Paper 2018/417
On the Provable Security of Two-Round Multi-Signatures
Manu Drijvers and Kasra Edalatnejad and Bryan Ford and Gregory Neven
Abstract
A multisignature scheme allows a group of signers to collaboratively sign a message, creating a single signature that convinces a verifier that every individual signer approved the message. The increased interest in technologies to decentralize trust has triggered the proposal of highly efficient two-round Schnorr-based multisignature schemes designed to scale up to thousands of signers, namely CoSi by Syta et al. (S&P 2016) and MuSig by Maxwell et al. (ePrint 2018).
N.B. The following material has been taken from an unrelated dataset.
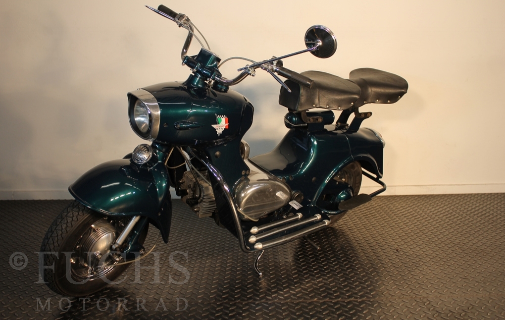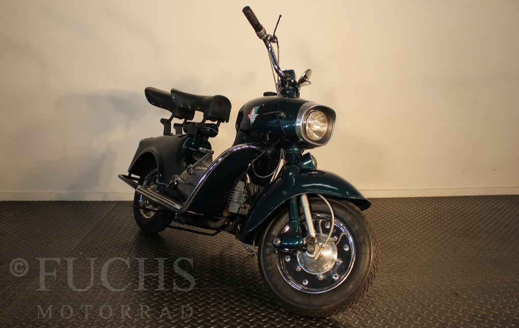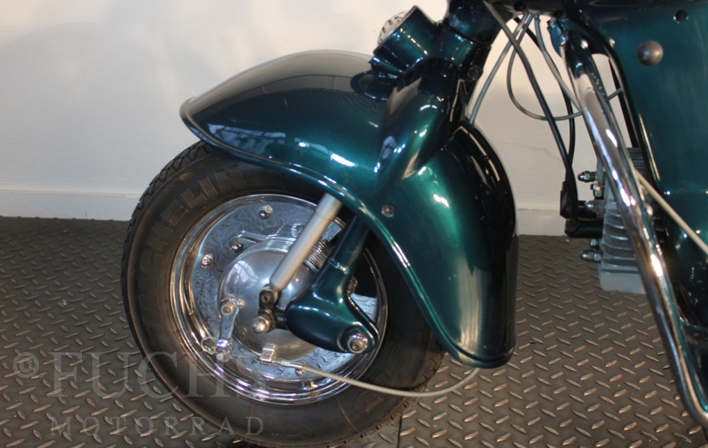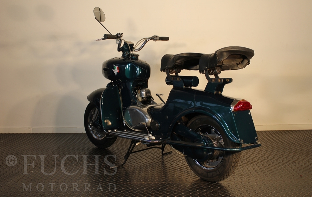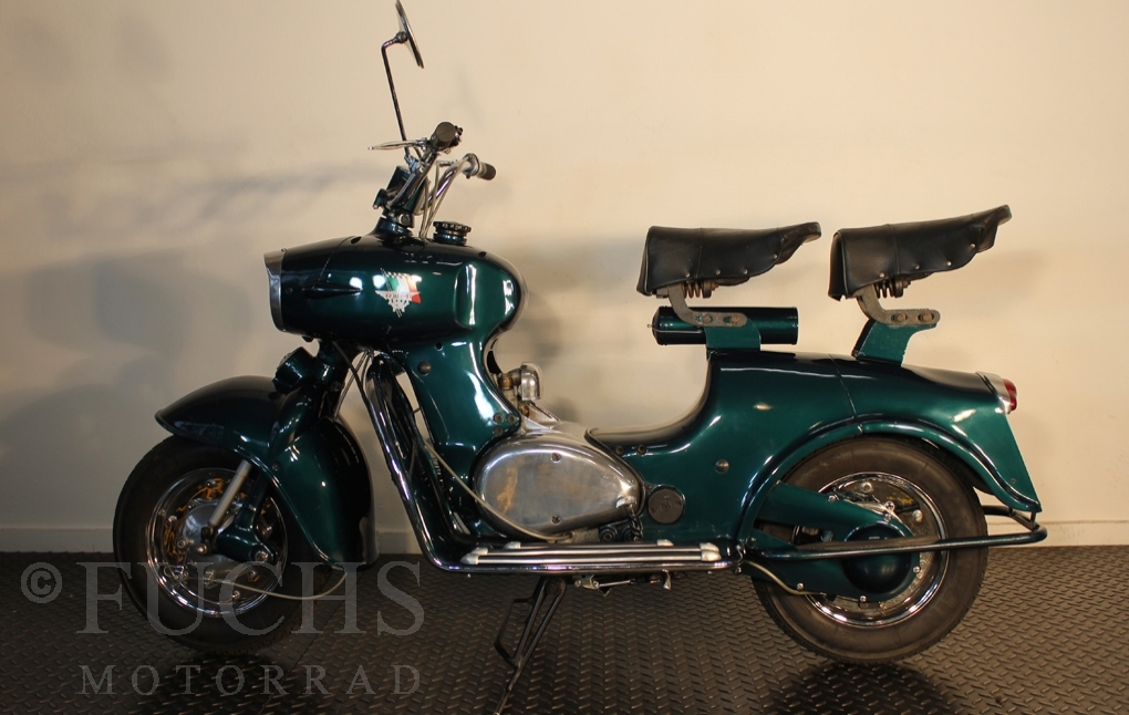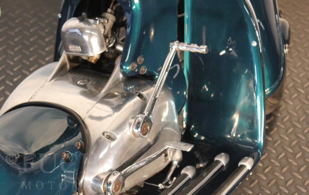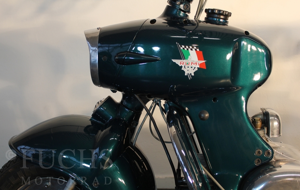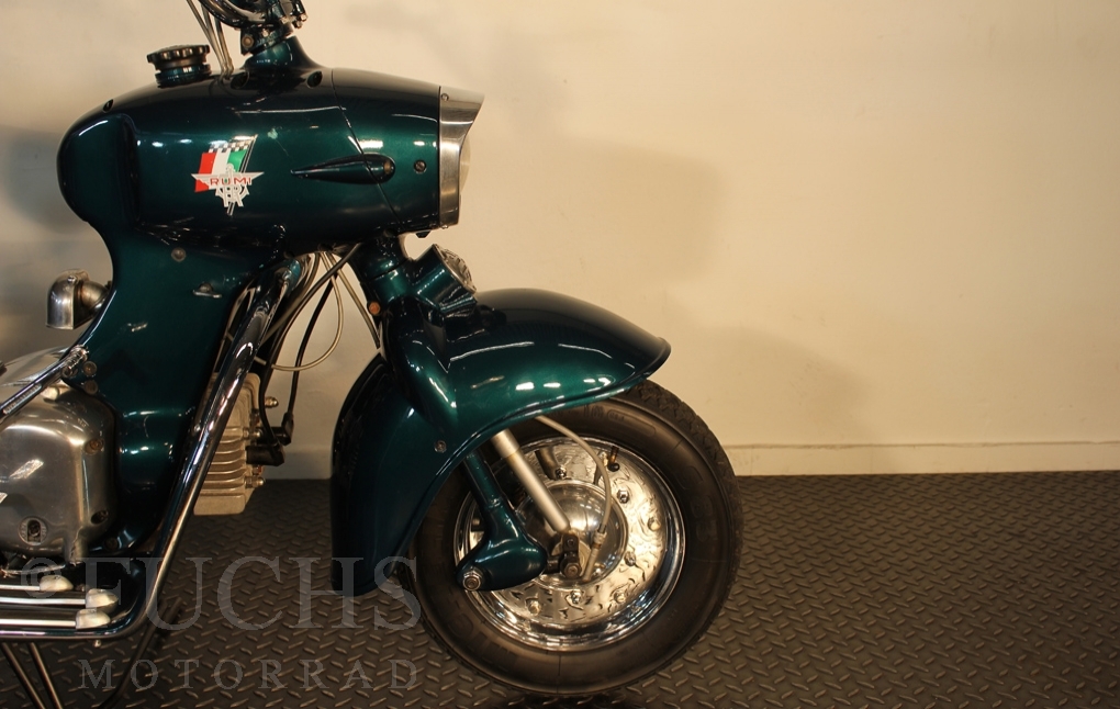 British experts on Rumi scooter has restored the Fomichino Sport. The special features include the original spot color "British Racing Green" Sport cylinder (nikasilcoated from 1959) Double Column installed (side and center stand) brake light and the front shock absorber, which is ideal for the Durpid of Rome sidecar.

Previous two-round Schnorr-based schemes by Bagherzandi et al. (CCS 2008) and Ma et al. (DCC 2010) are less efficient in terms of signature size, signing time, or verification time. In this work, we prove that none of these schemes can be proved secure without radically departing from currently known techniques. Namely, we show that if the one-more discrete-logarithm problem is hard, then no algebraic reduction exists that proves any of these schemes secure under the discrete-logarithm or one-more discrete-logarithm problem. We point out subtle flaws in the published security proofs of each of the above schemes (except CoSi, which was not proved secure) to explain the contradiction between our result and the existing proofs.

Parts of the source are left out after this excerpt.